Repeat the span of the entries below that starts at the line with "fond de scène" and ends at the line with "寒くなりました〜 風が冷たぁーい🌬️ 植物園の温室が恋しい…", nothing more. Skip the pictures.

-------- Task data --------

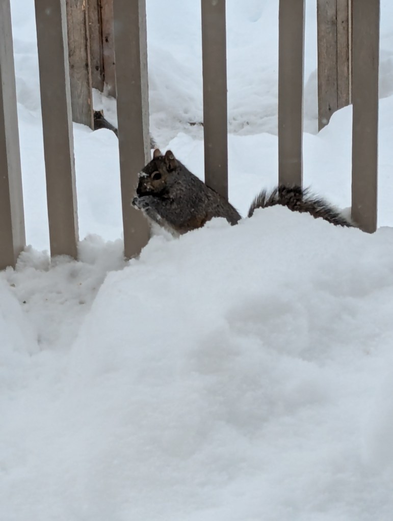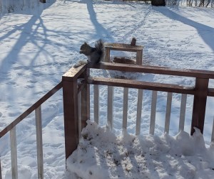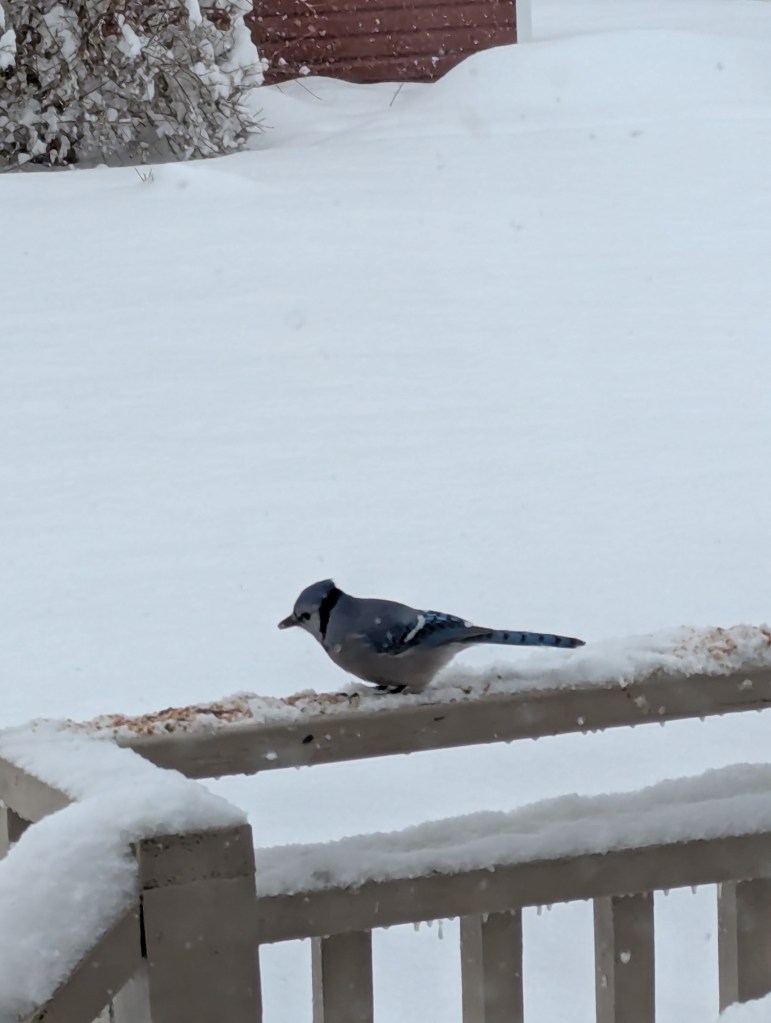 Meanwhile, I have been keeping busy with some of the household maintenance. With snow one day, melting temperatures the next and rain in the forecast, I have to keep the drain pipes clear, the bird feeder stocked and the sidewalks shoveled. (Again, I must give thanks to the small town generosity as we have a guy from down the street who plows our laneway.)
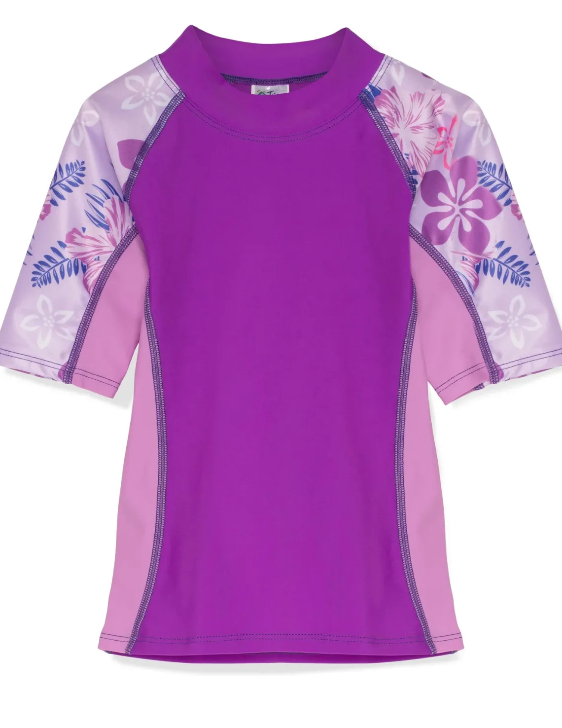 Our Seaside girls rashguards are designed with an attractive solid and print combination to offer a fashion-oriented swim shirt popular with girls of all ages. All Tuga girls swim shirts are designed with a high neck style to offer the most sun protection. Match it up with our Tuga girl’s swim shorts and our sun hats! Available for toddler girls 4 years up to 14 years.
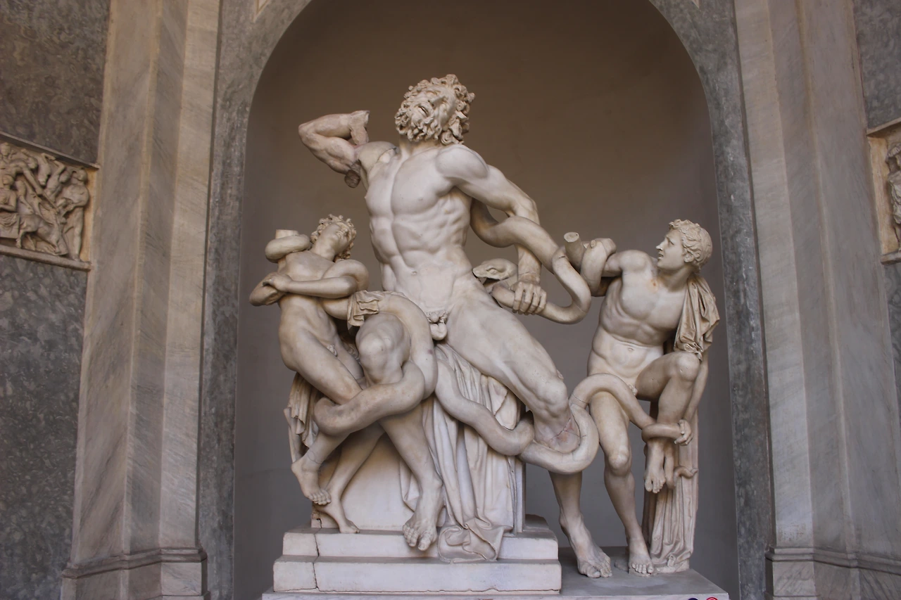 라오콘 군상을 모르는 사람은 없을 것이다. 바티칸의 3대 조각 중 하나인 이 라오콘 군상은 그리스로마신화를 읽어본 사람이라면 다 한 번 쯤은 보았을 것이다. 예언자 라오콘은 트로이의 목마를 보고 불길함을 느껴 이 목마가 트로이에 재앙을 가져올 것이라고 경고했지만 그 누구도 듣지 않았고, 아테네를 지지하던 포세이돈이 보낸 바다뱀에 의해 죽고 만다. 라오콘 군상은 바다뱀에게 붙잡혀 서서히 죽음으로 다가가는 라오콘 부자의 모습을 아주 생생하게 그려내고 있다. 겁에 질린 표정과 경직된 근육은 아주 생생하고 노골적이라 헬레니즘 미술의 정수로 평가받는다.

--------
-------- Task data --------

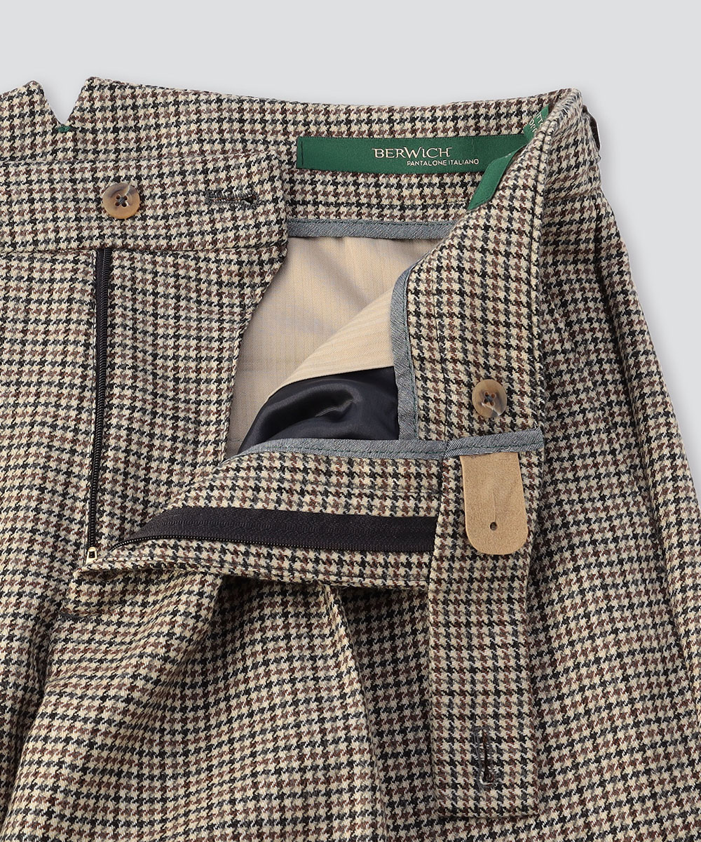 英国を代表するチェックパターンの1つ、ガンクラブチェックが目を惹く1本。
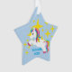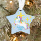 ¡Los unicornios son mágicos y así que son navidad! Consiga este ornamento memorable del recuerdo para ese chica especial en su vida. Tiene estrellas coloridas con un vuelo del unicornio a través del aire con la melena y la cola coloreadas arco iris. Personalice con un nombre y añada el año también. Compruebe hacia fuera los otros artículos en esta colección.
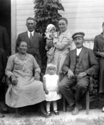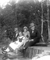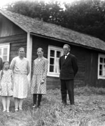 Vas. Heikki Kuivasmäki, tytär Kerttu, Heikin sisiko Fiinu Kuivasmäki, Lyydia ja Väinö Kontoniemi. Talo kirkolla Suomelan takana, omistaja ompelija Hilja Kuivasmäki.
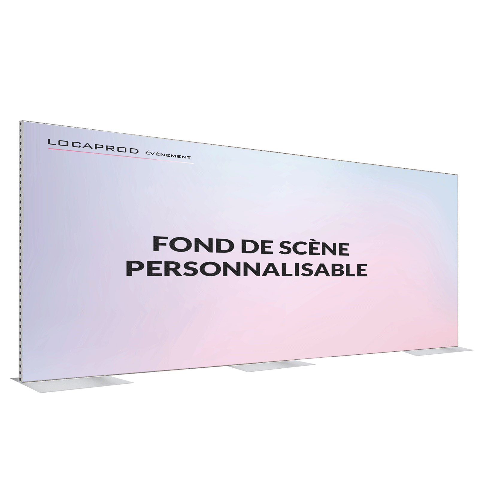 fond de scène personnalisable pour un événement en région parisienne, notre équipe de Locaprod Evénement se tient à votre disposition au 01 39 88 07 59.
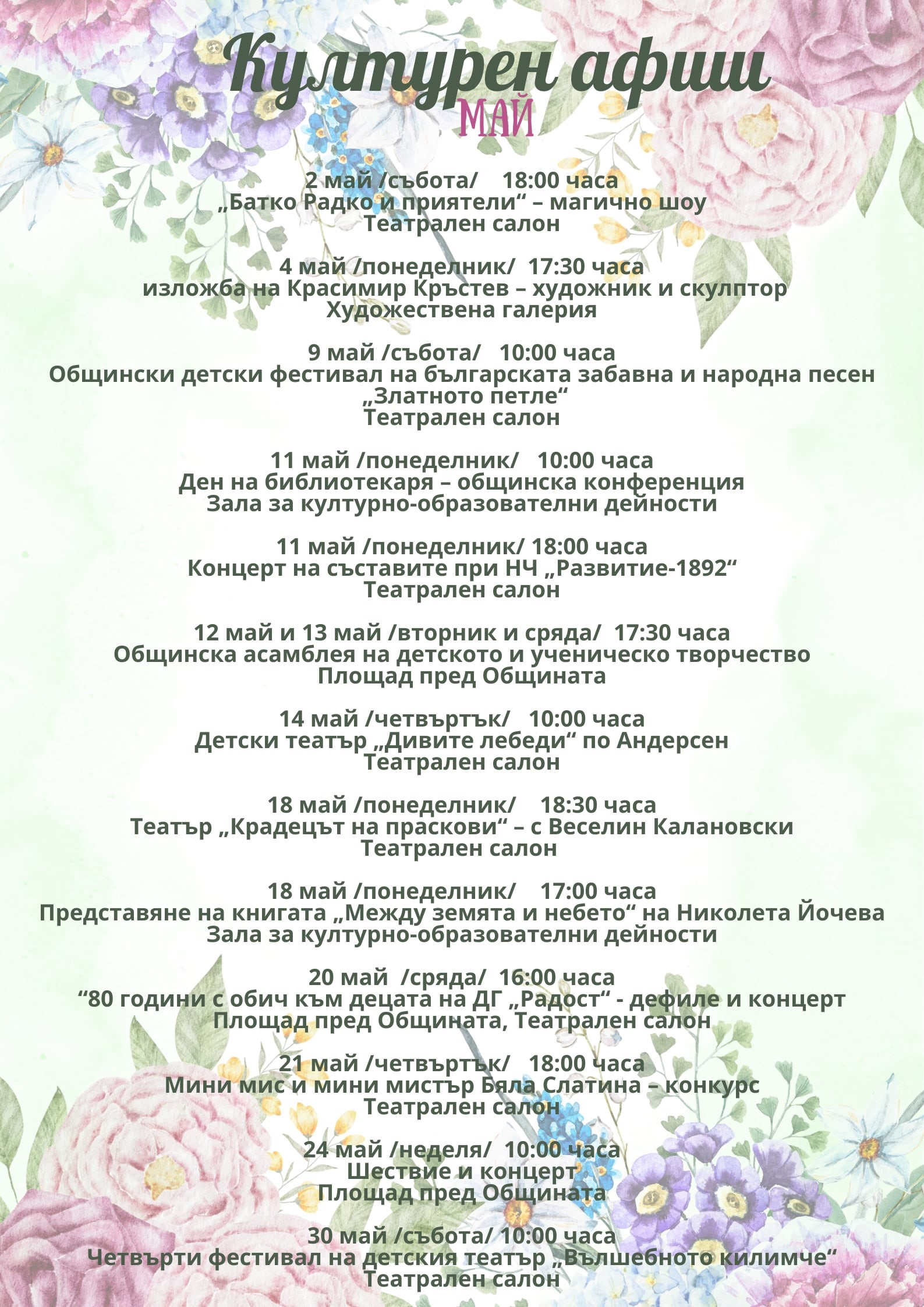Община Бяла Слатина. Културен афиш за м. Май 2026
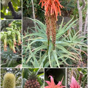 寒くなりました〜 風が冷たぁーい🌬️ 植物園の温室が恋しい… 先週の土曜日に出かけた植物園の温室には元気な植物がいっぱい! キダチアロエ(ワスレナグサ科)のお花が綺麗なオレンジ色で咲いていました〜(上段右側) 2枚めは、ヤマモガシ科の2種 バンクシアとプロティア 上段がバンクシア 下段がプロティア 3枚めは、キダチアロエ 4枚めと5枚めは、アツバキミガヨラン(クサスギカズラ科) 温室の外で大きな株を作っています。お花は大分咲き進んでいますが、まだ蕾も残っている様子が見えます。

--------
-------- Task data --------

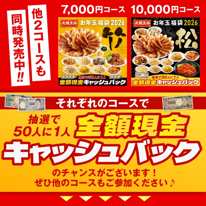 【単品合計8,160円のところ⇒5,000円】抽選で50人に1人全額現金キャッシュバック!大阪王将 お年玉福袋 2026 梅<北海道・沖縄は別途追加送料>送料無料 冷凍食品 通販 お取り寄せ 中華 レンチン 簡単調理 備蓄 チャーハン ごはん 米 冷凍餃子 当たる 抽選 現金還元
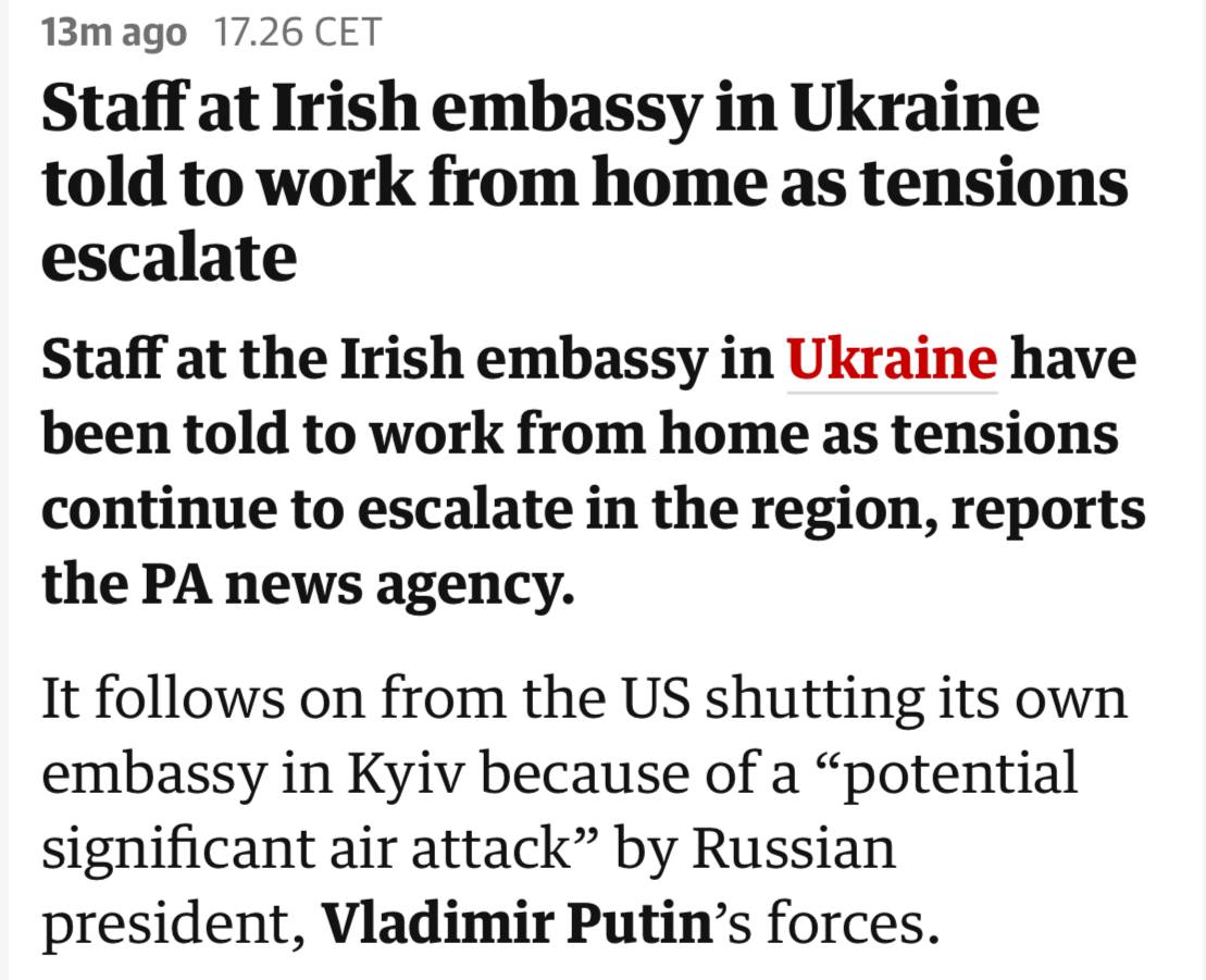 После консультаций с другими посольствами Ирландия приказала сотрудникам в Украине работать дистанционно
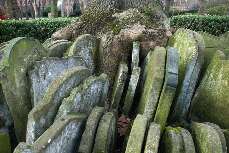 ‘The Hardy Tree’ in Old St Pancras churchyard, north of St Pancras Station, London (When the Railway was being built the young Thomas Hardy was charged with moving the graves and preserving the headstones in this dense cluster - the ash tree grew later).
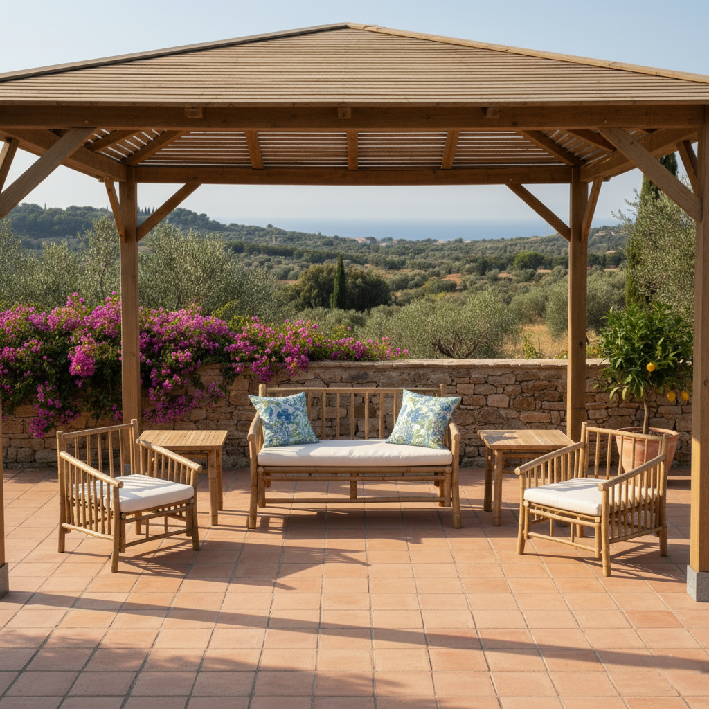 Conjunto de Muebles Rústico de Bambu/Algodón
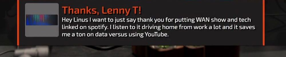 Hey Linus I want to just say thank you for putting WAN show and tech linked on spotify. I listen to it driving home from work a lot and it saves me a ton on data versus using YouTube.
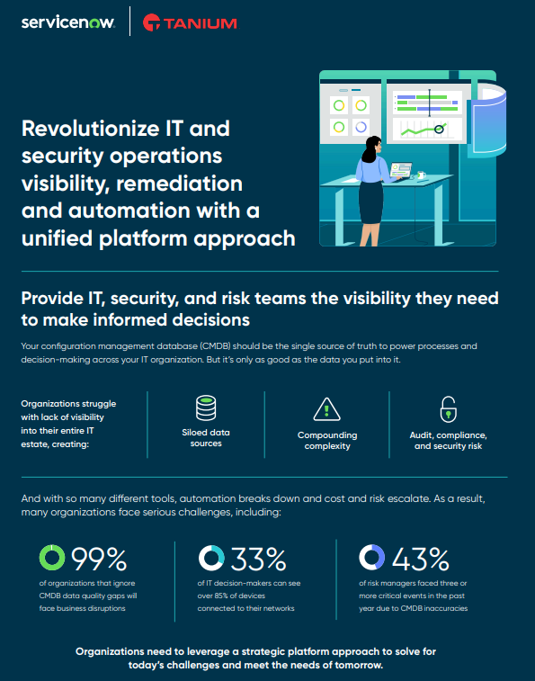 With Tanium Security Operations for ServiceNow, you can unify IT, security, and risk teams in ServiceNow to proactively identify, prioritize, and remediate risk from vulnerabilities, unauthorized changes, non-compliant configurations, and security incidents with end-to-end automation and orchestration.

--------

Response to this task ::
 fond de scène personnalisable pour un événement en région parisienne, notre équipe de Locaprod Evénement se tient à votre disposition au 01 39 88 07 59.
Община Бяла Слатина. Културен афиш за м. Май 2026
 寒くなりました〜 風が冷たぁーい🌬️ 植物園の温室が恋しい… 先週の土曜日に出かけた植物園の温室には元気な植物がいっぱい! キダチアロエ(ワスレナグサ科)のお花が綺麗なオレンジ色で咲いていました〜(上段右側) 2枚めは、ヤマモガシ科の2種 バンクシアとプロティア 上段がバンクシア 下段がプロティア 3枚めは、キダチアロエ 4枚めと5枚めは、アツバキミガヨラン(クサスギカズラ科) 温室の外で大きな株を作っています。お花は大分咲き進んでいますが、まだ蕾も残っている様子が見えます。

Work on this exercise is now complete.